No elemental bender is superior. It comes down to your skill with the art you use


----------



## Judas (Sep 4, 2010)

The thread is more so a personal opinion of which you think is better than the others.


----------



## Banhammer (Sep 4, 2010)

AeroBlitz1316 said:


> The thread is more so a personal opinion of which you think is better than the others.


Well, opinions aside, here's the factual answer



Banhammer said:


> No elemental bender is superior. It comes down to your skill with the art you use


----------



## Level7N00b (Sep 4, 2010)

No bending art is superior to another. They are balanced, which is a main focus of Avatar.

Earthbending is enduring and tough. Weak when your not near any earth.

Waterbending is changing and flexible. Weak when your away from large sources of water.

Firebending is powerful and unrelenting. Lack of Drive, Location, and Control = Shit Firebending.

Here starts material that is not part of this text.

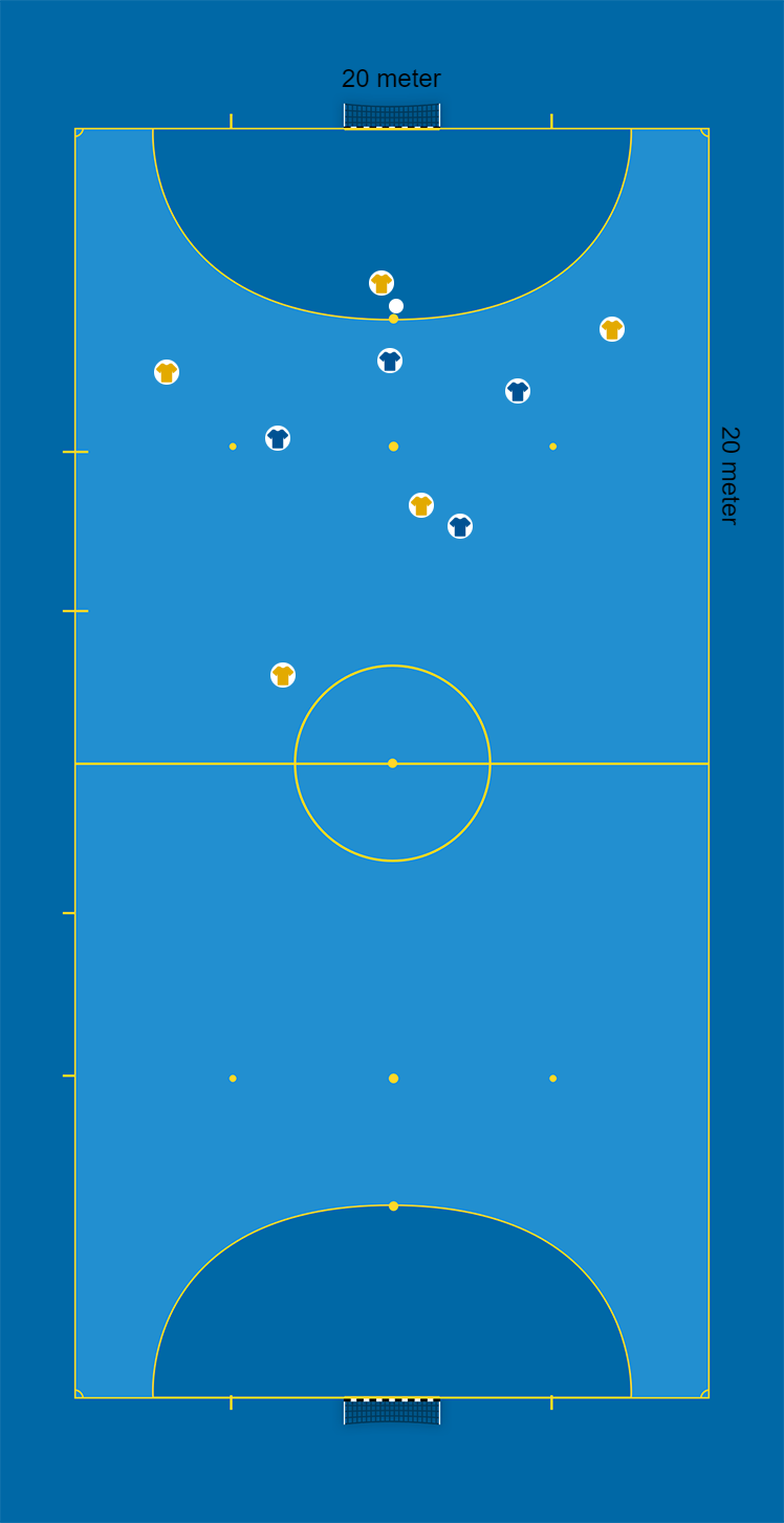 Gult lag håller bollen inom laget, och blått lag försöker erövra bollen.

Airbending is fluid and maneuverable. Lack of killing moves.

There are ups and downs to them all.


----------



## Glued (Sep 4, 2010)

Banhammer said:


> No elemental bender is superior. It comes down to your skill with the art you use



waterbenders can bend blood.


----------



## ForTheFun (Sep 4, 2010)

Banhammer said:


> No elemental bender is superior. It comes down to your skill with the art you use


I agree with this but if I had to choose a bending art to use, I would use fire bending. The others in order would be air, earth, then water.


----------



## Level7N00b (Sep 4, 2010)

Ben Grimm said:


> waterbenders can bend blood.



Only on a full moon, so that is an extremely limited power. And it's unknown to most Waterbenders.


----------



## Gunners (Sep 4, 2010)

They're pretty much balanced. 

I think Earth and Water have the capability of trumphing Air and fire depending on the environment, on the flip side because of their dependance on the environment they have a greater chance of being in a disadvantageous situation.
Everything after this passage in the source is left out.